## EXERCISE DESCRIPTION
Look for the line containing "Une composition rare, à" and the line containing "Vestido de Inverno Cinza e Branco" in the entries below. Copy those two and all lines between them exactly, leaving out pictures.
(Beginning of INPUT DATA)
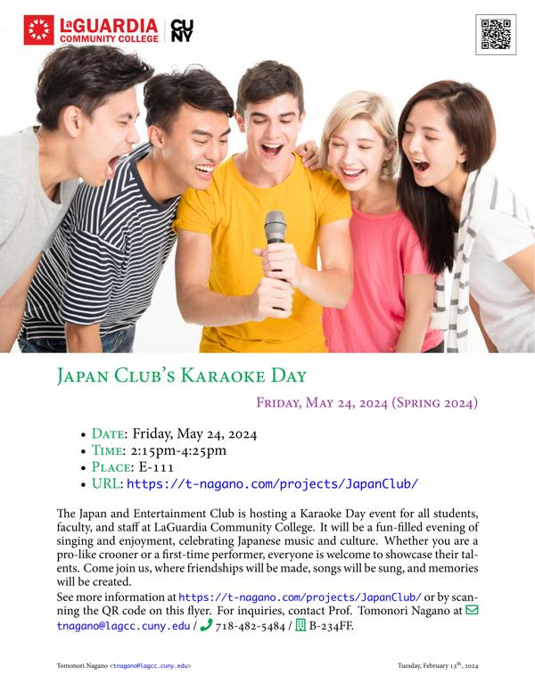 - Description: The Japan Club is pleased to host a Karaoke Day event on Wednesday, November7, 2018.AllLaGuardiastudentsarewelcome!Enteryour song request at https://bit.ly/2yQiifl. See https://www.facebook.com/groups/japanclub.lagcc/ for more info.
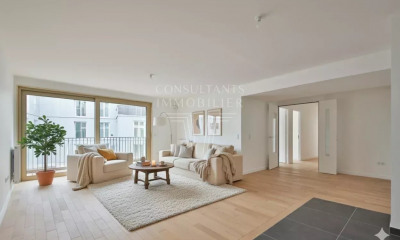 Une composition rare, à la fois verticale et aérienne, qui évoque davantage la structure d'une maison contemporaine que celle d'un appartement urbain.
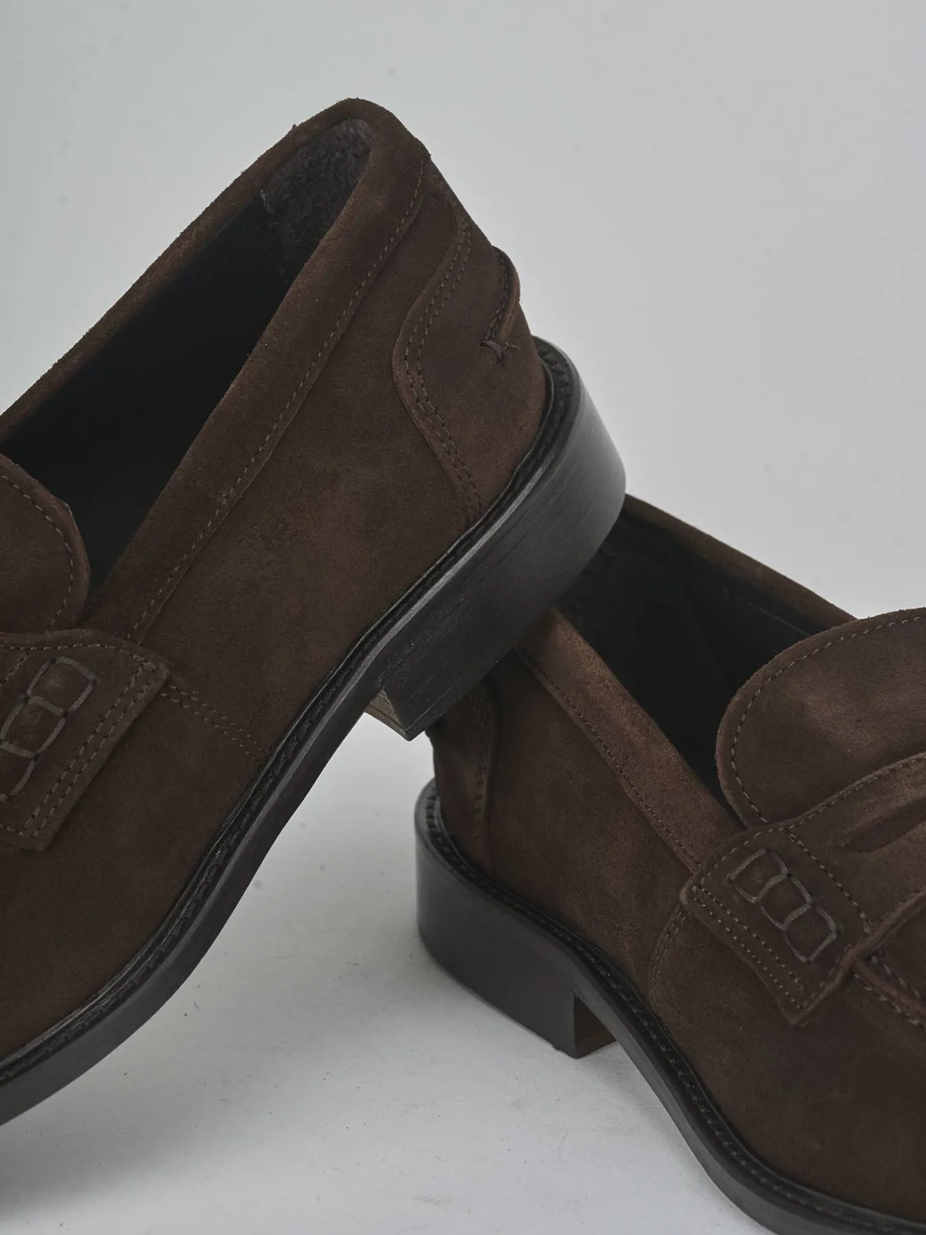 Realizzati in morbido camoscio, questi mocassini offrono una sensazione di lusso al tatto, mentre il colore testa di moro aggiunge un tocco di sofisticatezza a qualsiasi outfit.
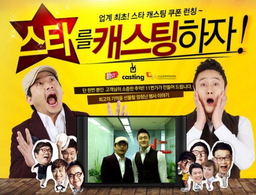 우선 ‘스타 캐스팅 쿠폰’에 참여하는 연예인은 김준호, 김대희, 김원효, 정경미, 김준현, 김지호, 양상국, 이광섭, 유민상, 정명훈, 권재관 등 코코엔터테인먼트 소속 개그맨 11명이다. KBS 개그콘서트에 출연중인 인기 개그맨들이다.
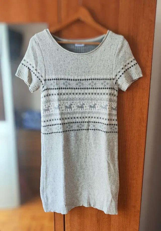 Vestido de Inverno Cinza e Branco
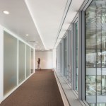 The core zone that concentrates the bulk of user flows forms the center of gravity of this fluid space, linking it directly with the cafeteria and restaurant, which look out on to the papyrus garden, a unique landscape in the Paris region and an open-air extension of the ground floor in the summer months. This garden, with its curtains of vegetation, not only forms a remarkable landscape but also creates a certain distance from the surrounding environment. While private, the garden is hinted at from the street, and accompanies the visitor from the esplanade through to the entrance hall. It creates a memorable image for outside visitors and the building’s occupants alike.
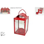 Χριστουγεννιάτικο μεταλλικό φανάρι σε κόκκινο χρώμα με τζάμι 13.5x7.5x7.5cm
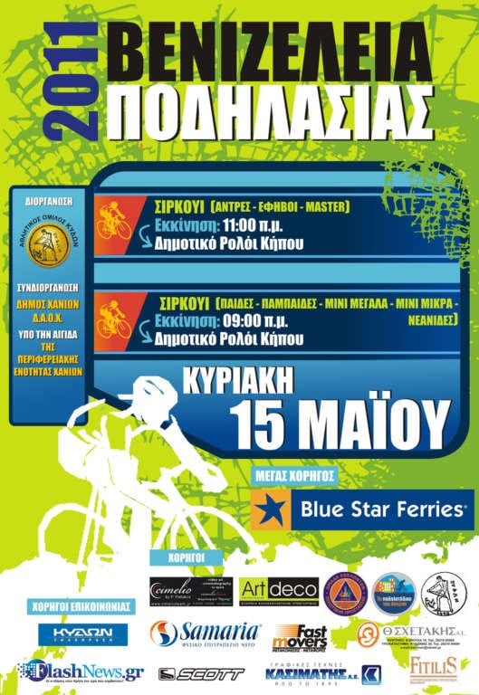 Ο Α.Ο. «ΚΥΔΩΝ» Χανίων και ο Π.Ο. «ΤΑΛΩΣ» στις 13-14-15 Μαϊου 2011 διοργανώνουν τα «ΒΕΝΙΖΕΛΕΙΑ 2011» και «ΜΑΧΗ ΚΡΗΤΗΣ» αγώνες ποδηλασίας, με τους πιο κάτω ειδικούς όρους:
(End of INPUT DATA)
## RESPONSE TO THE EXERCISE
 Une composition rare, à la fois verticale et aérienne, qui évoque davantage la structure d'une maison contemporaine que celle d'un appartement urbain.
 Realizzati in morbido camoscio, questi mocassini offrono una sensazione di lusso al tatto, mentre il colore testa di moro aggiunge un tocco di sofisticatezza a qualsiasi outfit.
 우선 ‘스타 캐스팅 쿠폰’에 참여하는 연예인은 김준호, 김대희, 김원효, 정경미, 김준현, 김지호, 양상국, 이광섭, 유민상, 정명훈, 권재관 등 코코엔터테인먼트 소속 개그맨 11명이다. KBS 개그콘서트에 출연중인 인기 개그맨들이다.
 Vestido de Inverno Cinza e Branco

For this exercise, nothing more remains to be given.